By Patriot corps
In a concerning trend, the Uganda Revenue Authority (URA) has faced yet another setback in tax collections, marking the third consecutive month of shortfall. The latest figures reveal a staggering deficit of Shs. 148.12 billion in domestic revenue collections for February 2024, further exacerbating economic anxieties.
According to Uganda’s Performance of the Economy report for February, released in late March, domestic revenue collections fell short of the targeted Shs. 2,250.65 billion, totaling only Shs. 2,102.53 billion.
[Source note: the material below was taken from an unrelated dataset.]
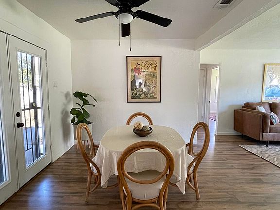 This 2-3 bedroom, 1-bath house in Fresno, California, is a charming and inviting home that offers a delightful combination of features. The spacious living room provides ample room for relaxation and entertainment, making it perfect for both quiet evenings and gatherings with friends and family. The wood floors not only add warmth and character to the space but also contribute to a cozy atmosphere. The French doors are a wonderful touch, allowing natural light to flood the living area and providing a seamless transition to the outdoors. They not only enhance the aesthetics but also promote a sense of openness and connection to the surrounding environment. The dark brown kitchen cabinets add a touch of sophistication to the home's interior. They create a striking contrast against the wood floors and provide ample storage space for all your kitchen essentials. The kitchen is not just a functional space; it's a stylish one too. Overall, this house in Fresno, California, is a delightful blend of comfort, style, and practicality. Its combination of features makes it a truly appealing choice for those seeking a comfortable and aesthetically pleasing place to call home.

Both tax and non-tax revenues failed to meet their respective targets, with tax revenue collections missing the mark by Shs. 75.38 billion.
The report attributed the underperformance to various factors, including taxes on international trade and indirect domestic taxes, which clocked in at 90.8% and 90.0% of their targets, respectively. Particularly, Value Added Tax (VAT) on imports suffered a significant shortfall of Shs. 44.56 billion, attributed to unrealized import volumes.
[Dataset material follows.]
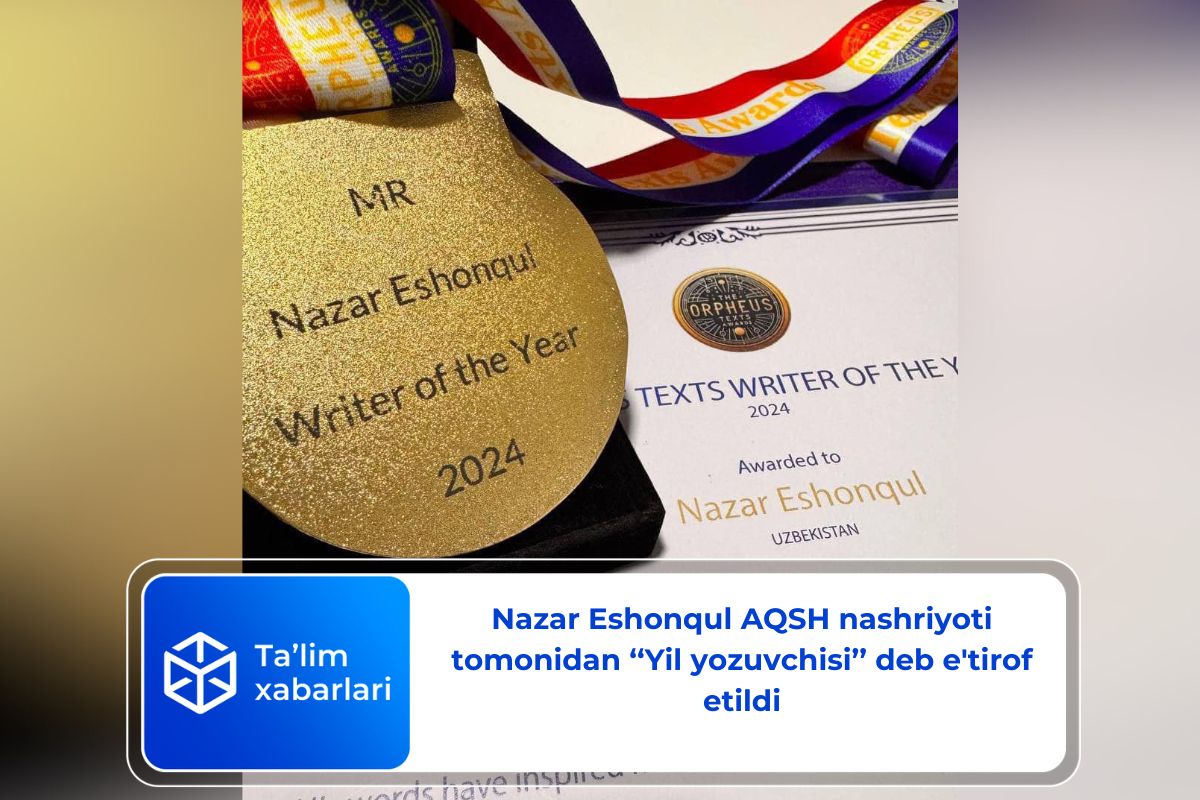 Yozuvchi Nazar Eshonqul AQSHning ‘‘Mundus Artium Press’’ nashriyoti tomonidan 2024-yilning ‘‘Yil yozuvchisi’’ deb e’tirof etildi.

While direct domestic taxes exceeded expectations by Shs. 69.76 billion, buoyed by robust performances in PAYE, corporate tax, withholding tax, and taxes on interest earnings, the overall picture remains grim. URA’s contribution of 47% to the national budget highlights the critical role tax revenues play in sustaining Uganda’s fiscal health.
However, amidst mounting debt burdens and persistent reliance on external budget support, concerns over economic stability loom large. The State of the Economy report by the Bank of Uganda, released in December 2023, underscored the strain imposed by debt obligations, with a significant portion of tax revenues allocated to servicing debts.
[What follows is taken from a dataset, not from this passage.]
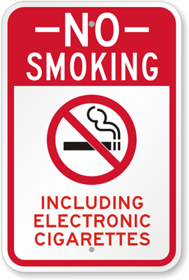 U poslednje vreme se mogu videti i sasvim novi znaci unutar aerodromskih terminala na kojima je jasno naglašena zabrana elektronskih cigareta (slika desno).
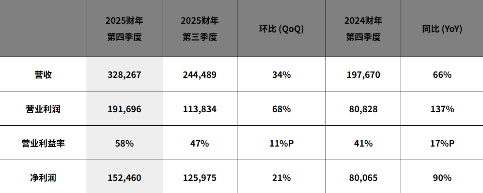 第四季度则展现出业绩加速的增长势头。SK海力士当季营收环比增长34%至32.83万亿韩元,营业利润环比增长68%至19.17万亿韩元。

For every 100 shillings collected in tax revenues, a staggering 32 shillings are diverted towards debt servicing, leaving dwindling resources for essential service delivery and development initiatives. This unsustainable trajectory raises urgent questions about Uganda’s fiscal resilience and underscores the imperative for proactive measures to bolster revenue mobilization and alleviate dependence on external support.